### INFORMATION PROVIDED
====

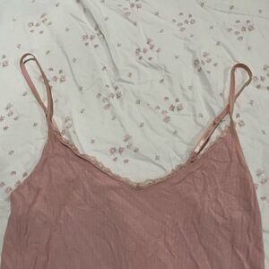 Y2K core ribbed pink cami top with lace trim at the top Wrinkled from storage but barely worn and in great condition!
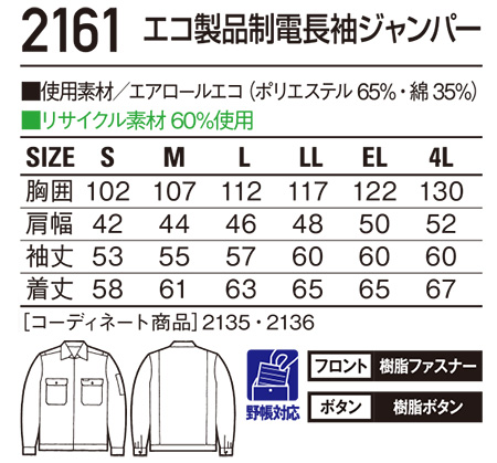2161/エコ製品制電長袖ジャンパー |
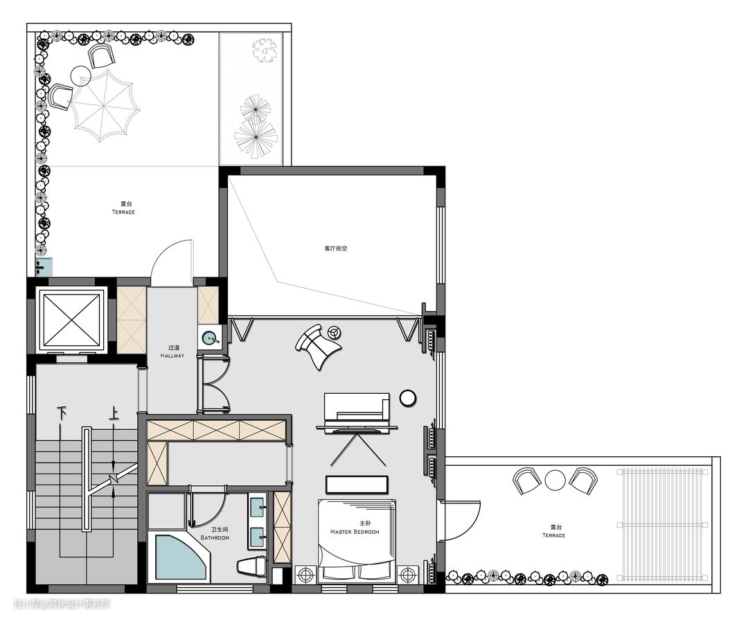 平面布置图|Floor plan|F2 我们将二层主卧空间划分为半开放的起居室和卧室两部分,两个空间自由开启与关闭,同时起居室又直接位于挑空的一层客厅之上,与客厅可随时互动;卧室直接连接露台。玻璃栏杆内巧妙地安装了对开的艺术玻璃折叠门,更显精致奢华。
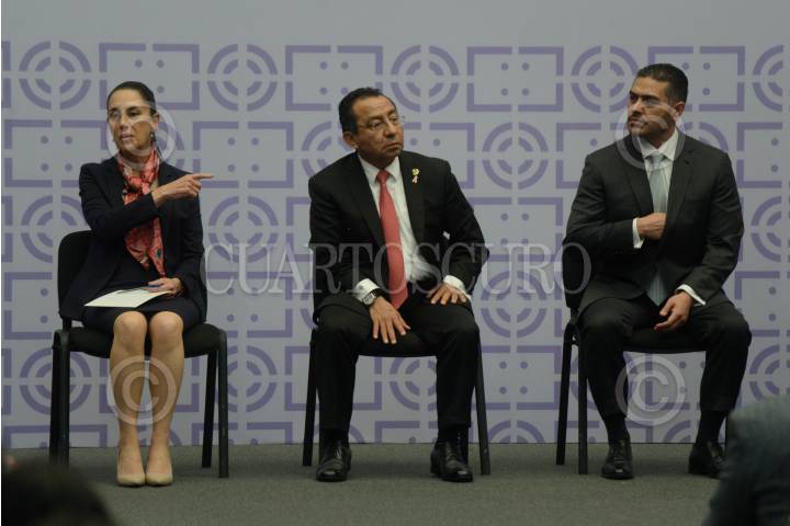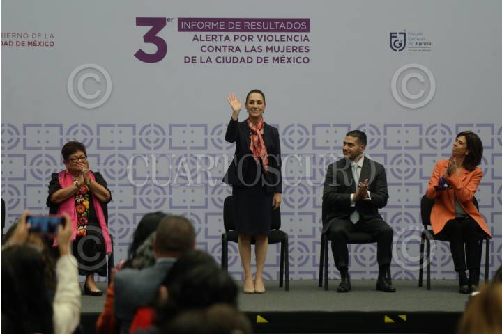 Claudia Sheinbaum, jefa de Gobierno, encabezó la presentación del Tercer Informe de Resultados de la Alerta por Violencia contra las Mujeres en la Ciudad de México. En el evento estuvieron presentes: Ingrid A. Gómez Saracíbar, secretaria de las Mujeres de la Ciudad de México; Ernestina Godoy Ramos, fiscal General de Justicia; Omar García Harfuch, secretario de Seguridad Ciudadana; Rafael Guerra Álvarez, magistrado presidente del Poder Judicial de la Ciudad de México; Belén Sánz Luque, representante de ONU Mujeres en México y Fabiola Alanís Sámano, comisionada nacional para Prevenir y Erradicar la Violencia contra las Mujeres.

====

### REQUIRED WORK
If a line holds a picture, skip the picture and transcribe the rest of the material exactly.

### TASK SOLUTION
 Y2K core ribbed pink cami top with lace trim at the top Wrinkled from storage but barely worn and in great condition!
2161/エコ製品制電長袖ジャンパー |
 平面布置图|Floor plan|F2 我们将二层主卧空间划分为半开放的起居室和卧室两部分,两个空间自由开启与关闭,同时起居室又直接位于挑空的一层客厅之上,与客厅可随时互动;卧室直接连接露台。玻璃栏杆内巧妙地安装了对开的艺术玻璃折叠门,更显精致奢华。
 Claudia Sheinbaum, jefa de Gobierno, encabezó la presentación del Tercer Informe de Resultados de la Alerta por Violencia contra las Mujeres en la Ciudad de México. En el evento estuvieron presentes: Ingrid A. Gómez Saracíbar, secretaria de las Mujeres de la Ciudad de México; Ernestina Godoy Ramos, fiscal General de Justicia; Omar García Harfuch, secretario de Seguridad Ciudadana; Rafael Guerra Álvarez, magistrado presidente del Poder Judicial de la Ciudad de México; Belén Sánz Luque, representante de ONU Mujeres en México y Fabiola Alanís Sámano, comisionada nacional para Prevenir y Erradicar la Violencia contra las Mujeres.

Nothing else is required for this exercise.